Look below for the line with "This season Chloe", then repeat it and all lines after it, exactly, minus any pictures.

START Exercise data

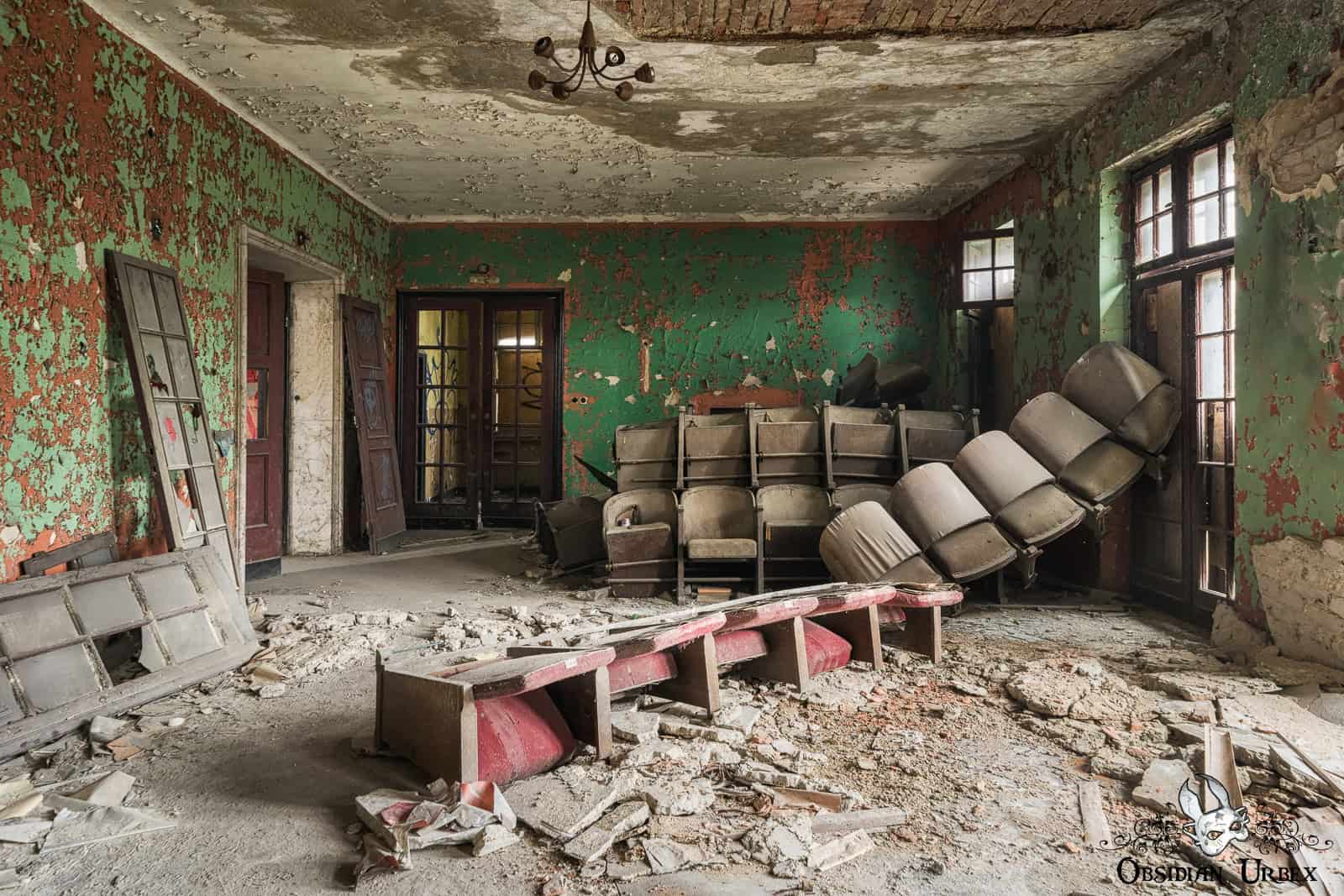 The Cinema Uciecha is an abandoned 1920s cinema ruin in southern Poland. Starting life as an entertainment venue for emergency services personnel, it later welcomed the wider community a decade or so later. Once a bustling hive of community entertainment, it now stands in ruins since it closed three decades ago.
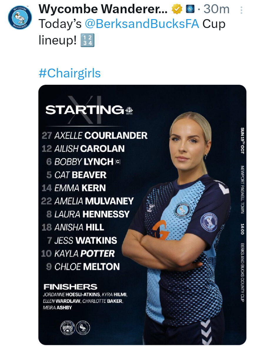 This season Chloe Martin has six goals, new signing Cesca Partridge has five. Tricky No. 10 Jasmine Spence is a particular threat. The Chairgirls and the Swans met in the Sponsors Cup this season, a 5-2 home win at Burnham, scorers in that match were not disclosed.
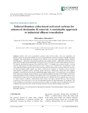 Keywords: Bombax ceiba; Activated carbon; Rhodamine B adsorption; Wastewater treatment; Chemical activation;
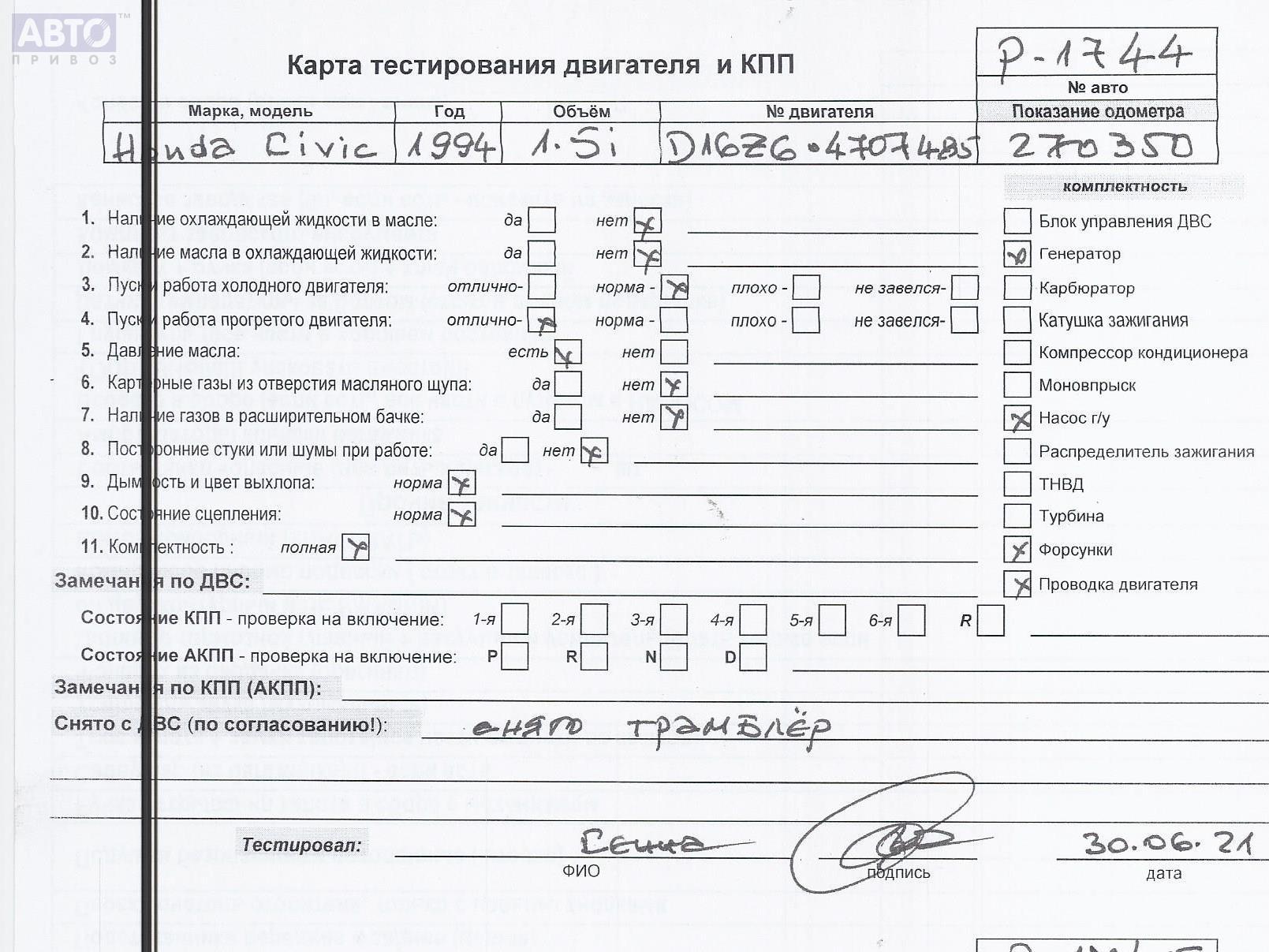 | Автомобиль / VIN: | P1744 1HGEJ21400L107856 |

END Exercise data

* Expected answer
 This season Chloe Martin has six goals, new signing Cesca Partridge has five. Tricky No. 10 Jasmine Spence is a particular threat. The Chairgirls and the Swans met in the Sponsors Cup this season, a 5-2 home win at Burnham, scorers in that match were not disclosed.
 Keywords: Bombax ceiba; Activated carbon; Rhodamine B adsorption; Wastewater treatment; Chemical activation;
 | Автомобиль / VIN: | P1744 1HGEJ21400L107856 |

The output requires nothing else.